Re: Threads stuck in zap_pid_ns_processes()

From: Eric W. Biederman
Date: Thu Jun 01 2017 - 15:44:03 EST


Guenter Roeck <linux@xxxxxxxxxxxx> writes:

> On Thu, Jun 01, 2017 at 12:08:58PM -0500, Eric W. Biederman wrote:
>> Guenter Roeck <linux@xxxxxxxxxxxx> writes:
>> >
>> > I think you nailed it. If I drop CLONE_NEWPID from the reproducer I get
>> > a zombie process.
>> >
>> > I guess the only question left is if zap_pid_ns_processes() should (or could)
>> > somehow detect that situation and return instead of waiting forever.
>> > What do you think ?
>>
>> Any chance you can point me at the chromium code that is performing the
>> ptrace?
>>
>> I want to conduct a review of the kernel semantics to see if the current
>> semantics make it unnecessarily easy to get into hang situations. If
>> the semantics make it really easy to get into a hang situation I want
>> to see if there is anything we can do to delicately change the semantics
>> to avoid the hangs without breaking existing userspace.
>>
> The internal bug should be accessible to you.
>
> https://bugs.chromium.org/p/chromium/issues/detail?id=721298&desc=2
>
> It has some additional information, and points to the following code in Chrome.
>
> https://cs.chromium.org/chromium/src/breakpad/src/client/linux/minidump_writer/linux_ptrace_dumper.cc?rcl=47e51739fd00badbceba5bc26b8abc8bbd530989&l=85
>
> With the information we have, I don't really have a good idea what we could or
> should change in Chrome to make the problem disappear, so I just concluded that
> we'll have to live with the forever-sleeping task.

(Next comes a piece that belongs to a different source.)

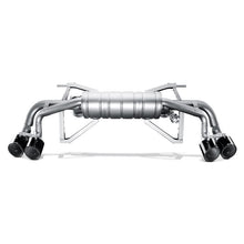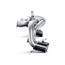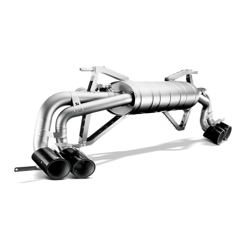 The precision-engineered titanium alloy Slip-On performance exhaust system reduces the weight of this supercar and improves handling. We’ve extracted additional power through improved gas-flow dynamics and a drop in back pressure. To complement our muffler design, we’ve added our well-known cast titanium dual-mode exhaust valves to create a virtual symphony from the large displacement V10. If no optional Akrapovic sound kit for adjustable sound is used, at lower engine speeds and during cruise operation the valves are closed and produce a deeper and sharper exhaust note. At wide-open throttle the valves open, releasing the full fury of the engine. The driver can control the sound with the Akrapovic sound kit. Complete the look with a set of four exquisite tailpipes in carbon fibre.

I believe I see what is happening. The code makes the assumption that a
thread will stay stopped and will not go away once ptrace attach
completes.

Unfortunately if someone sends SIGKILL to the process or exec sends
SIGKILL to the individual thread then PTRACE_DETACH will fail.

At which point you can use waitpid to reap the zombie and detach
from the thread.

So I think the forever-sleeping can be fixed with something as simple
as changing ResumeThread to say:

// Resumes a thread by detaching from it.
static bool ResumeThread(pid_t pid) {
if (sys_ptrace(PTRACE_DETACH, pid, NULL, NULL) >= 0)
return true;
/* Someone killed the thread? */
return waitpid(pid, NULL, 0) == pid;
}

It almost certainly makes sense to fix PTRACE_DETACH in the kernel to
allow this case to work. And odds are good that we could make that
change without breaking anyone. So it is worth a try.

Eric